# Tapatalk



## jco23 (Dec 10, 2011)

curious to see if anyone has had any issues with accessing threads/posts on this forum via tapatalk? I got tapatalk free from getjar, but ever since leapday, I get that notification that the app has expired. simply pressing the "back" button clears that message and I'm able to continue on without problem. however, this is the only forum whereby some of the posts/threads do not appear - thus I'm forced to access the posts via browser.

I have read that I would need to update the app via getjar, but when I re-install getjar, the app no longer appears.

any help would be greatly appreciated.

thanks!


----------



## dSlice (Dec 11, 2011)

Rootz has their own app, that works fine...

Sent from my SCH-I510 using RootzWiki


----------



## shrike1978 (Sep 2, 2011)

What version is your Tapatalk? 2.1.3 is the latest Market version. Not sure what version other app stores have.
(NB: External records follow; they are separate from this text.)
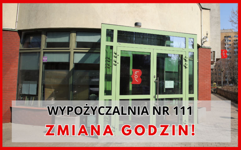 W dniach 20.10 – 24.10.2025 Wypożyczalnia nr 111 przy ulicy Mickiewicza 65 będzie nieczynna z powodu skontrum. Za utrudnienia przepraszamy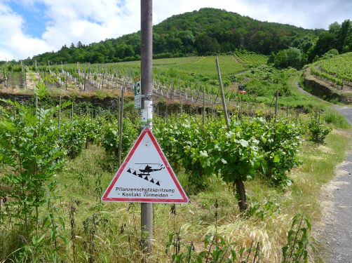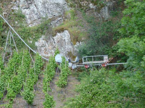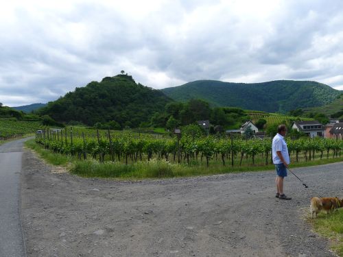 Vorn am Berg der Saffenburg hab ich mal fotografiert, wie die Winzer diese steilen Hänge hoch kommen.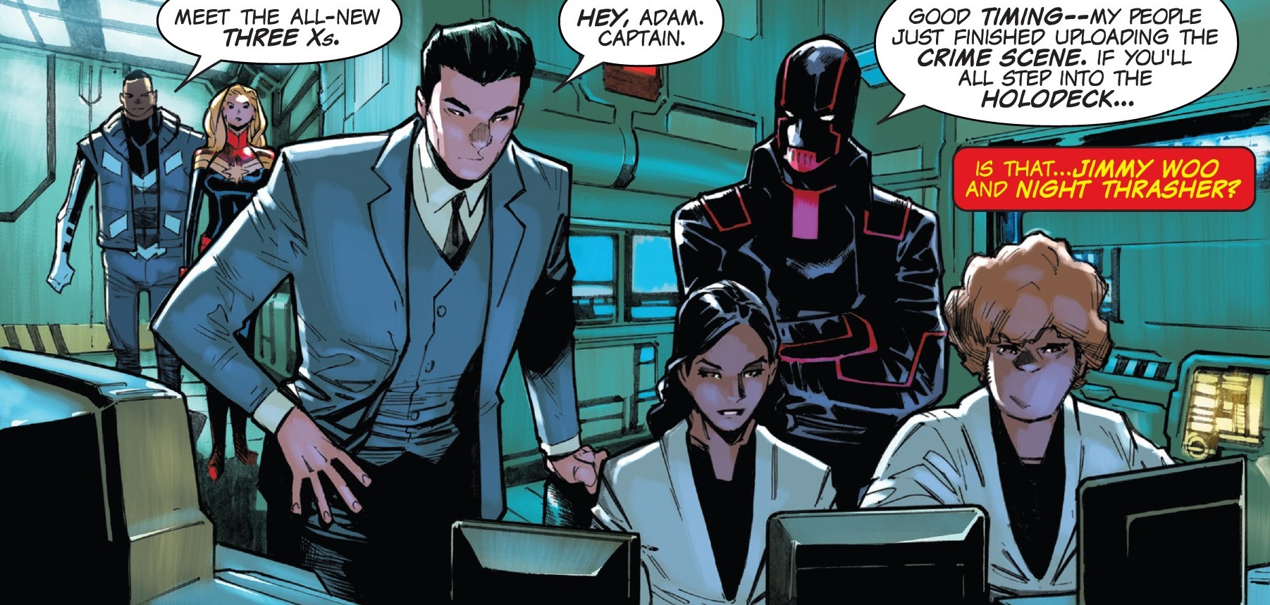 A joint Kree/Skrull empire led by Hulkling claiming his destiny in order to invade Earth sounds pretty cool. At the very least, from the preview images we saw, I was worried that Marvel was going to kill either Hulkling or Wiccan and they would be the victim in the murder mystery. I’m glad Marvel didn’t go that route. But man, they sure went a pretty extraneous route on this murder mystery. So a new character, Masked Raider, discovers the body, and he goes to great lengths to attract a nearby Daredevil’s attention to come check it out. And Daredevil decides to ask Jessica Jones to investigate because he doesn’t think the police have a chance. And then when Jessica sees one little clue, she apparently drives six hours in the middle of the night to visit Captain Marvel to run it by her. And then that snowballs to include Blue Marvel, Jimmy Woo, Night Thrasher, Arno Stark, a random check-in with the Champions, Reed Richards and more I’m forgetting, all for what seems like a pretty standard murder. Granted, it’s not a pretty standard murder in the end, but Marvel really stretched themselves thin making sure they paid a visit to all major players with big, marketable storylines coming up.

Even with the latest version, this forum is strange with Tapatalk. I've had posts randomly show up as unread that are months old, and it's also pretty frequent that I can't access the forums here. Rootz has always blamed Tapatalk for the problems, but they're the only forums that seem to have issues.

FYI, the Rootz app is Tapatalk based as well, so unless they're using a specific version that works better, I can't imagine it being a much different experience.


----------



## JihadSquad (Nov 2, 2011)

I just use opera mobile for this forum. Tried Tapatalk 2 and it's no better.


----------



## TekWarren (Jun 13, 2011)

I use tapatalk, finally broke down and purchased it on sale through amazon app store. I have had rare issues but when I do I see other people blaming tapatalk servers. I don't know if i have issues like you describe or not as most of my forum reading is on my phone.


----------



## jco23 (Dec 10, 2011)

thanks for the feedback everyone.
I am aware there is a rootz app, but I think it's only a paid version - but if I could keep all of my forums in one app, I try to.

my version of Tapatalk is 1.13.4, so I guess very old - but I cannot seem to update it via getjar. oh well, that's what I get for trying to be cheap on going with free apps...


----------



## Brian72 (Dec 17, 2011)

FWIW, I'm in the same boat with Getjar/Tapatalk.

Sent from my SCH-I510 using Tapatalk


----------



## JihadSquad (Nov 2, 2011)

My getjar Tapatalk works fine... Version 1.13.5


----------